# My son's bumblebee costume



## Sblanck (Sep 13, 2007)

My son wanted one of those carboard transformers costumes that actually transformed. The engineering involved was more than I wanted to take on so I showed him a picture of another person at a Comicon event dressed as bumblebee and he was pleased with that. Here is what I have so far:


----------



## fick209 (Aug 31, 2009)

Lol, not the bumblebee I was expecting to see You have a great start on his costume, look forward to seeing it finished.


----------



## Dark Angel 27 (Sep 11, 2008)

not what i was expecting either. but i love how it looks so far!


----------



## Sblanck (Sep 13, 2007)

Sorry Bumblebee in my house only applies to transforming camaros, not winged insects


----------



## samhayne (Jul 3, 2008)

will look great, cant wait to see it finished.


----------



## debbie5 (Mar 2, 2007)

Great idea!
AND CUTE AS HELL beagle sleeping upside down in the crate!


----------



## Sblanck (Sep 13, 2007)

Actually there are three Beagles in that crate, I am crazy and decided to adopt three of those pesky things.


----------



## mousee23 (Oct 1, 2010)

OMG is this based on the original Bumble bee?I like the new movies but him being a camero still throws me off.Can you tell who my fav is?Even if it's the new one you should be proud.It takes a lot of love to commit to making your kids dream come true


----------



## Sblanck (Sep 13, 2007)




----------



## Mcnab (Oct 13, 2010)

Words can't describe how much you love your son.

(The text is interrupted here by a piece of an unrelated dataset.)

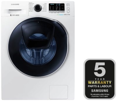 The Samsung WD80K5410OW comes with a Five Year Parts and Labour Warranty. Samsungs ecobubble; technology creates bubbles that penetrate your clothes faster so you can run cooler washes. Open the innovative AddWash; door to drop in anything extra during the wash. And, add a 30 minute bubble soak to any program to loosen tough stains. EcoBubble: Your Samsung washing machine helps you save a huge amount of energy by washing large loads at low temperatures using its ecobubble; technology. AddWash lets you simply and quickly add extra laundry into your machine after your wash has already started. It also allows you to easily pop in hand-washed clothes that you just want to rinse or spin dry. Bubble Soak: With the simple touch of a button Bubble Soak technology helps to remove a wide variety of stubborn stains. Overview: Condenser dryer. 8kg maximum washing capacity. 6kg maximum drying capacity. Size H85, W60, D60cm. Variable washing temperature. Variable spin speed. Child lock. Washing programmes: Baby. Cotton. Economy. Automatic half load. Intensive. Pre-wash option. 15 minute quick wash. Independent spin. Sports. Synthetics. Wool. Controls: Dial control. LED display. 19 hours delayed start. Time remaining indicator. Drying features: 5 dryness levels. Performance: Energy efficiency rating: A. Maximum spin speed 1400. Estimated annual energy consumption: 1088kWh/year. Estimated annual water consumption: 17600litres/year. Washing performance rating: A. Spinning performance rating: A. Washing noise level 54dB(A). Spinning noise level 73dB(A). Drying noise level 62dB(A). General features: Cold water fill. Pause facility. 72kg.

Enter him in all the costume contests!


----------



## beelce (Jul 21, 2007)

Outstanding....


----------



## Sblanck (Sep 13, 2007)

Finished product


----------



## Eeeekim (Aug 14, 2009)

WOW! That is great. He would have to take first prize in that.


----------



## Otaku (Dec 3, 2004)

Remarkable! He'll sweep the costume contests!


----------



## RoxyBlue (Oct 6, 2008)

You did a wonderful job and I'll bet he's one proud kid


----------



## Uruk-Hai (Nov 4, 2006)

AWESOME!! Best dad ever!


----------



## nixie (Sep 17, 2008)

Wow!! That's one lucky kid!! My 6 year old son is looking at this, and begging me to make him an Optimus Prime one! Awesome job!!


----------



## Sblanck (Sep 13, 2007)

Thanks everyone!
He is super happy and I cannot wait for him to go to the different Halloween events this year.


----------



## debbie5 (Mar 2, 2007)

That's QUITE the feat of cardboard engineering! It looks great!


----------



## Johnny Thunder (Feb 24, 2006)

Love it!!! Looks great!


----------



## Spooky1 (Aug 25, 2008)

That came out really well.


----------



## Mcnab (Oct 13, 2010)

It is... AMAZING!


----------



## DeathTouch (Sep 6, 2005)

Holly Smokes! That is good!


----------



## Ryan Wern (Dec 3, 2009)

That's great! I wish I had boys! I have 3 girls and it's all about ballerinas and princesses on Halloween at my house, except this year my middle one is going to be Dafney from Scooby-Doo and the baby is going to be Scooby.


----------



## Mcnab (Oct 13, 2010)

Ryan Wern said:


> That's great! I wish I had boys! I have 3 girls and it's all about ballerinas and princesses on Halloween at my house, except this year my middle one is going to be Dafney from Scooby-Doo and the baby is going to be Scooby.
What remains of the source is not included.